RICHMOND, Va., May 11, 2022 (GLOBE NEWSWIRE) -- A breach of lease lawsuit filed last month alleges that San Marcos-based beverage co-packager Multipack has breached a ten-year, $16 million lease after requesting upgrades and damaging property owned by Summit Properties Partnership (Summit). The suit was filed by Woods Rogers PLC on behalf of Summit in the Prince George Circuit Court and asserts claims of breach of contract resulting from Multipack’s failure to pay base rent due under the lease.
Multipack Services LLC (Multipack) is a former spirits manufacturer-turned full-service co-packer, formerly known as The California Spirits Company, whose principal place of business is in San Diego County.
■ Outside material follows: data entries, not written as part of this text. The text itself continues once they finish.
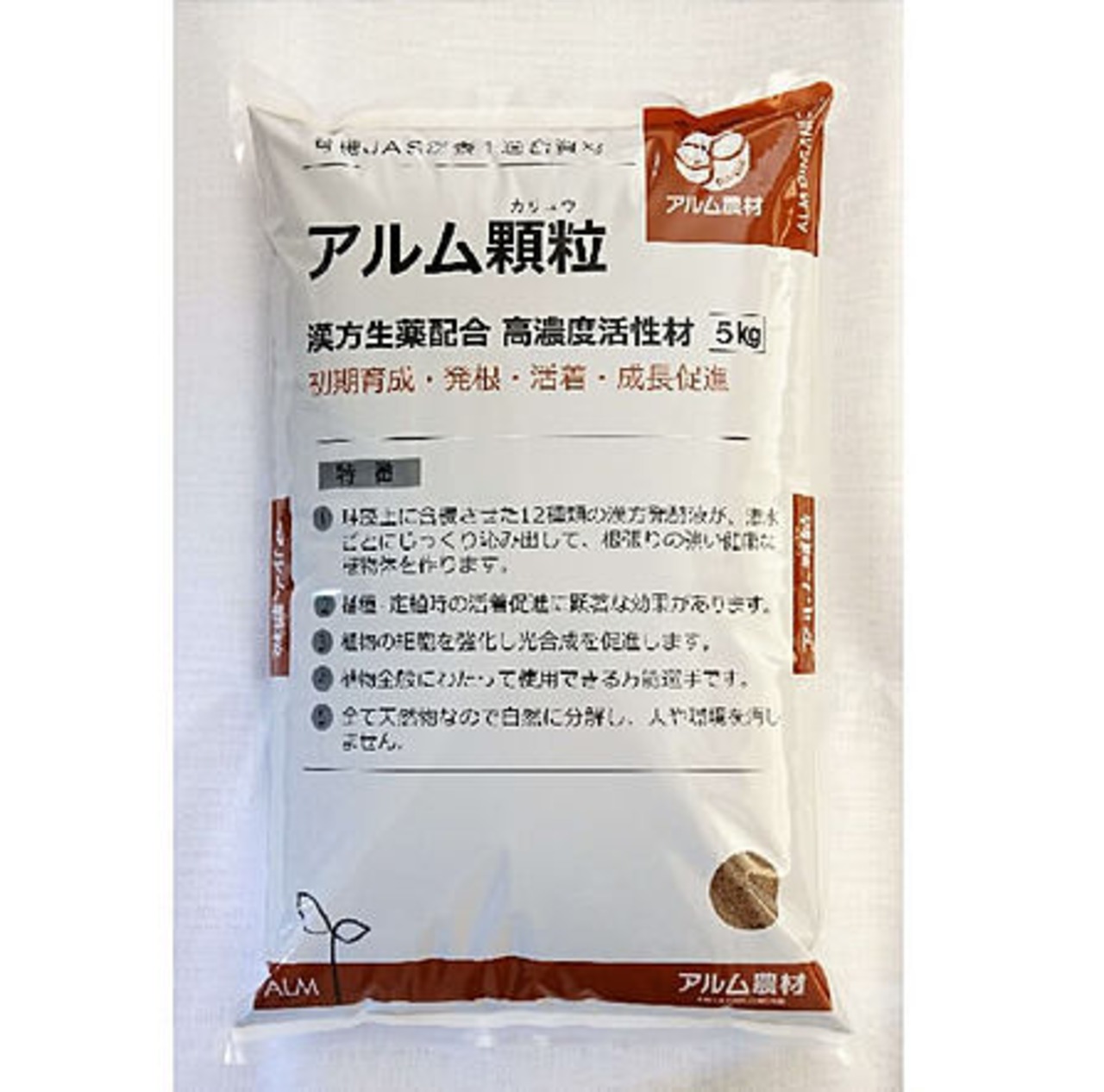 購入後の移植以降は、ストレスをなるべく少なくして本圃での生長を促すことが大切です。「アルム顆粒」(家庭用は「恵」)と「アルム純」を併用することで、本圃で素早く根を張り活着してくれます。 良い苗を生かすも殺すも移植から20日位までの管理が大切になります。この期間を素早く上手に成長させることがアルム材の特徴でもあります。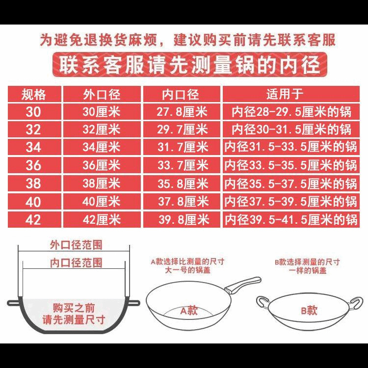 カラー 30蓋-内径27.8-29.2鍋に適しています,32蓋-内径30-31.3鍋に適しています,34蓋-内径31.8-33.3鍋に適しています,36蓋-内径34-35.3鍋に適しています,38蓋-内径36-37.1鍋に適しています,40蓋-内径38-39 .. 4鍋に適しています,42蓋-内径39.5-41.5鍋に適しています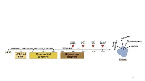 In vivo, neuronal induction precedes oligodendrocyte formation.[25] Therefore, in culture, neuronal induction factors are added first to induce neuro-cortical patterning of the spheroids, followed by factors that induce oligodendrocyte precursor cell (OPC) formation and differentiation into oligodendroglia.[2][23] To promote formation of neurons from neural precursor cells, brain-derived neurotrophic factor (BDNF) and neurotrophic factor 3 (NT3) can be added to the media.[2][23] Subsequently, factors such as platelet-derived growth factor AA (PDGF-AA) and insulin-like growth factor 1 (IGF-1) are added to the media to result in an expansion of the OPC populations present within the organoid by promoting OPC proliferation and survival.[1][2]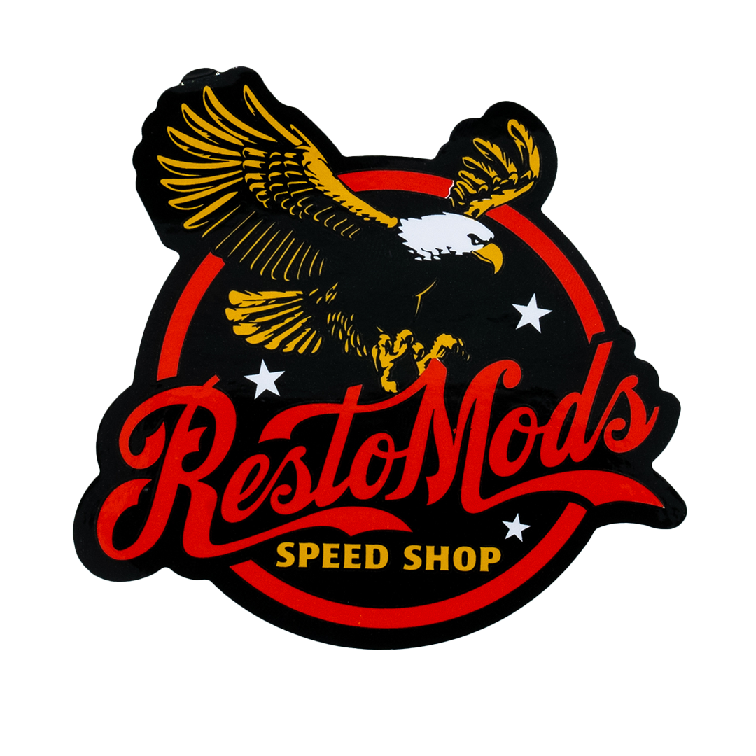 Upgrade your style with the Big Eagle Sticker. This 3-inch sticker showcases a vibrant, colorful bald eagle landing proudly on the red RestoMods logo. Made from durable waterproof and sunlight-proof vinyl, this sticker is perfect for both indoor and outdoor applications, letting you showcase your love for RestoMods on your car, toolbox, or anywhere else you want to make a statement.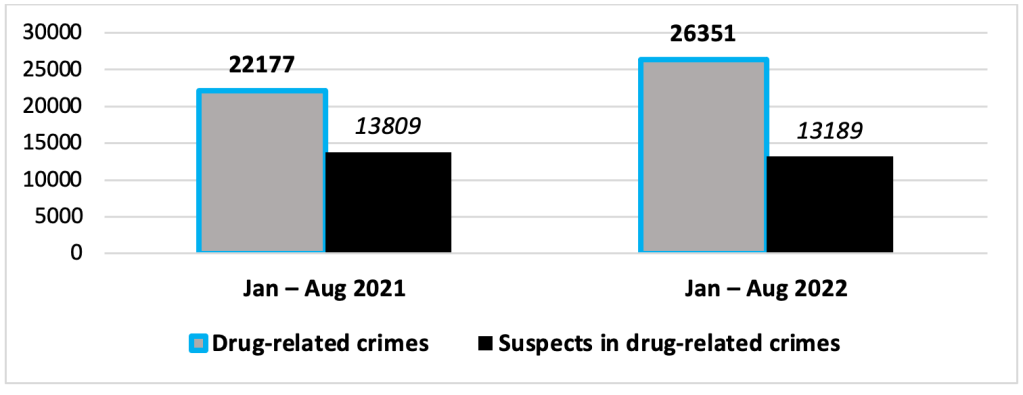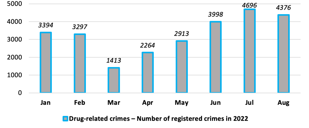 Moreover, the 2022 crime statistics show that the number of drug-related crimes for the period of wartime eight months of 2022 appears even bigger than the number of the same crimes for the whole relatively ‘peacetime’ of 2015 or 2016.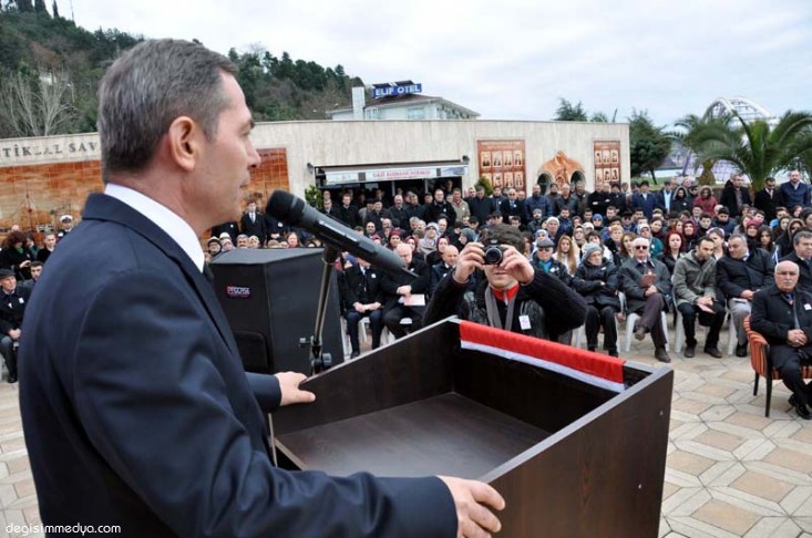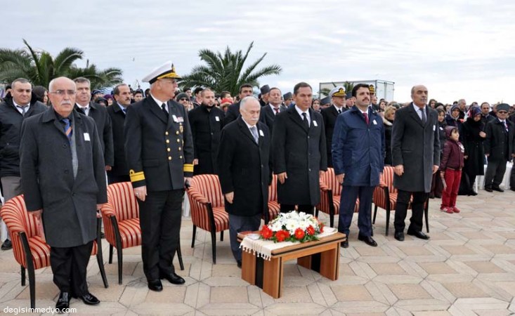 Kdz. Ereğli Kaymakamı İbrahim Çay, Karadeniz Bölge ve Garnizon Komutanı Tuğamiral Hasan Doğan ve Belediye Başkanı Hüseyin Uysal'ın yanı sıra Belediye Başkan Yardımcıları ve belediye Meclis Üyeleri, siyasi partilerin ve sivil toplum örgütlerinin temsilcileri ve çok sayıda vatandaşın katıldığı program, saygı duruşu ve İstiklal Marşı ile başlarken ardından da havaya 3 el saygı ateşi yapıldı ve gemi bordasına hazırlanan Karadeniz Ereğli'nin tüm şehitlerinin yer aldığı panonun açılışı ile devam etti.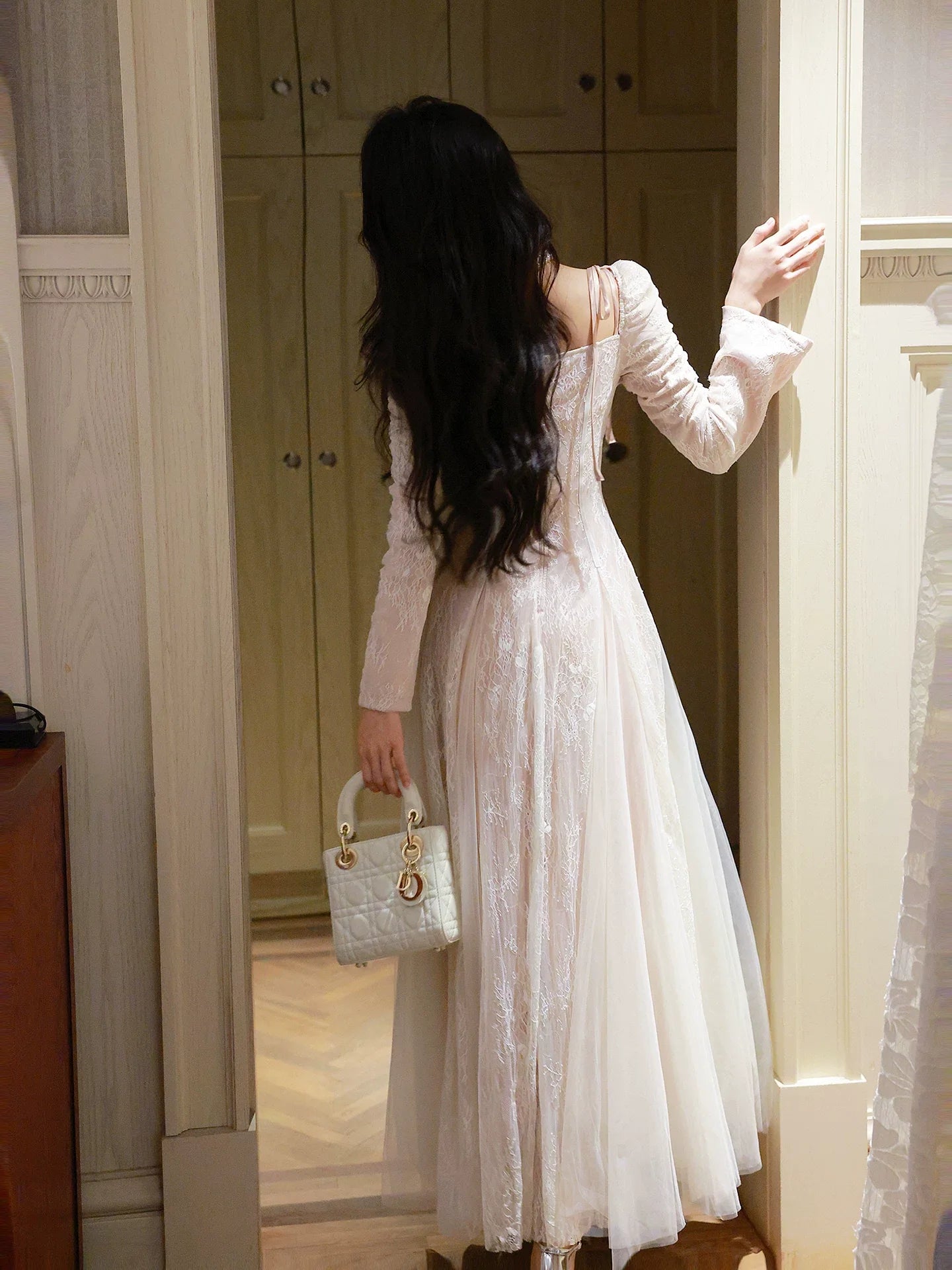 # Cute A Line Long Sleeves Lace Pleated Prom Dress This elegant prom dress combines timeless sophistication with contemporary charm. The A-line silhouette flatters all body types while the delicate lace detailing adds refined texture and visual interest. Long sleeves provide graceful coverage and extend the dress's versatility across seasons, making it suitable for various formal occasions. The pleated design creates beautiful movement and dimension, ensuring you'll turn heads as you walk. Crafted with attention to detail, this dress strikes the perfect balance between classic elegance and youthful appeal, making it an ideal choice for prom night or any special formal event.
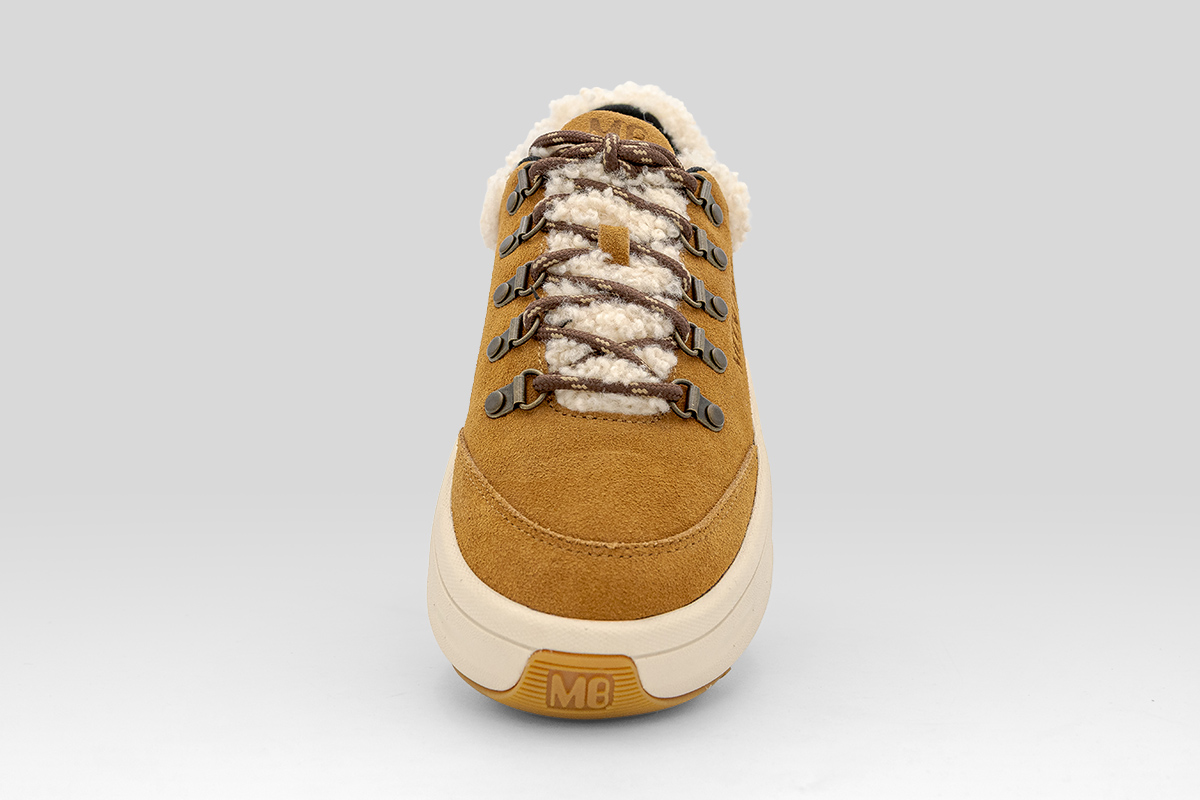 Το καφέ σουέτδέρμα συνδυάζεται αρμονικά με τη βελούδινη κρεμ επένδυση shearling στη γλώσσα και στο κολάρο, δημιουργώντας μια αίσθηση πολυτέλειας και ζεστασιάς.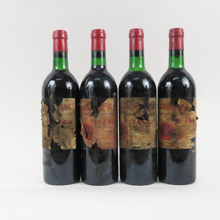 Lot de 4 BOUTEILLES CHÂTEAU FIGEAC 1er GCC ST EMILION - 1983 - 3 BG/1 HEP/ET au prix de 300 à 340 € en vente aux enchères par l'hôtel des ventes Primardeco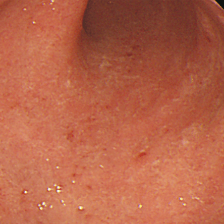 Легкая гиперемия, смазанный сосудистый рисунок. Легкая контактная ранимость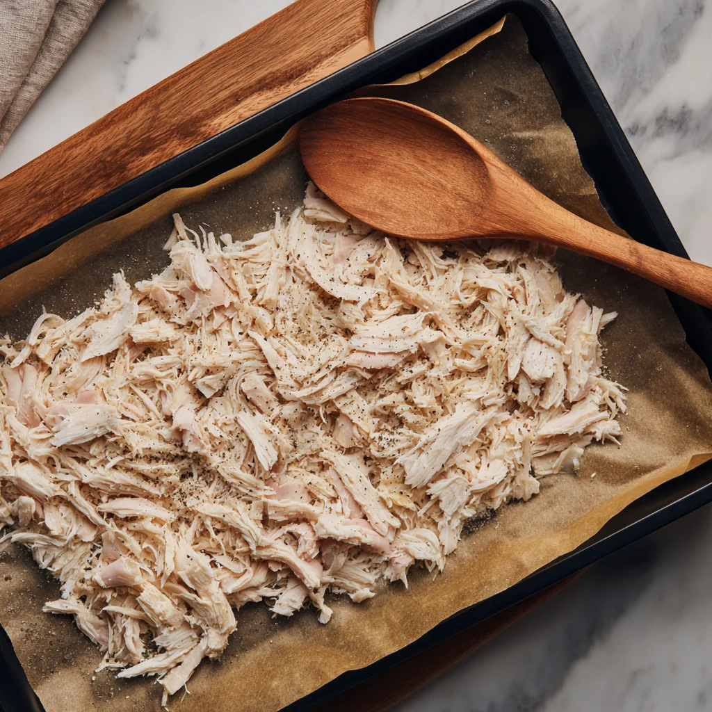 Next, lay down the Swiss cheese slices so they cover the mustard. Then add the ham slices right on top. Finally, sprinkle the shredded or chopped chicken over the ham, making sure it’s distributed evenly. Give it a light seasoning with salt and pepper to bring out all the flavors.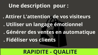 Je peux optimiser et revoir le branding de votre boutique unique qui ne convertir pas ou convertir peu pour différentes niches comme : Niche de Technologie, Niche de Sport, Niche de vêtement, Niche d’animaux, Niche de produits Électroniques, Niche Santé et alimentation, etc... Si possible, j'inclus également des preuves sociales pour renforcer la crédibilité de votre produit et inciter vos clients à l'action.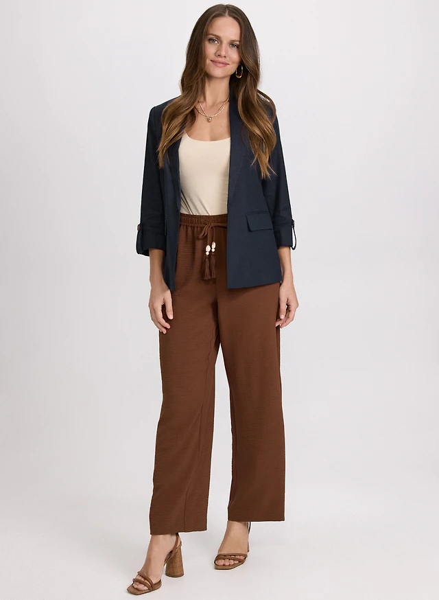 Linen-Blend Blazer & Pull-On Slim-Leg Pants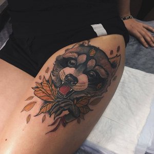牛仔短裤妹子的大腿彩色玫瑰猫咪肖像纹身图案

With aspirations of expanding to the East Coast, Multipack leased a 194,880 square foot facility situated on over 20 acres of land just south of Richmond, Virginia with Multipack's holding company Claramond Multipack Holdings as guarantor.
Per an Early Occupancy Addendum to the lease, Multipack was able to occupy the premises rent-free from lease execution on November 30, 2021 until the end of February 2022. On January 5, 2022, Multipack signed an Acceptance of Premises, in which it approved the majority of the facilities and committed to begin paying rent on March 1, 2022. Multipack then began moving equipment into the facility. During this time, Summit began a standard process of customizing the facility to fulfill all of Multipack's needs, including installing water lines and related equipment necessary to packaging the company’s beverage products.
Yet after the two months of free occupancy had passed, while Summit continued working on the requested upfits, Multipack failed to submit rent payment, in addition to failing to pay for the utilities during its early occupancy of the space. At this time, Summit discovered that Multipack had conducted work without the legally required local building permits and caused up to $20,000 in damages of petroleum contamination to the concrete.
"We have not heard from Multipack in response to our many inquiries," said Joe Hollingsworth, Founder and CEO of The Hollingsworth Companies, parent company of Summit. "As advocates for businesses and job creation, we are always willing to be flexible on reasonable delays in rent, but it is unprecedented to have a lessee essentially ‘ghost’ us. It has forced us to file suit, though we are still hoping for a positive resolution."
Under the Accelerated Clause of the lease— a standard clause enacted in the event of default and a subsequent failure to cure the default within 30 days—Summit is entitled to a payment of more than $16 million, the present worth of the future income stream.
“We hope Multipack does the right thing and fulfills its duties under the lease,” said Richard Matlock, corporate counsel to Summit. "Summit has gone above and beyond its contractual obligations by modifying the facility in an exceedingly timely manner considering current supply-chain constraints and securing local permits and authorizations, including leveraging its partnership with the county for long-lead items. The ideal scenario for all concerned is for Multipack to return to the leased space, pay the money it owes, and continue to expand its East Coast operations."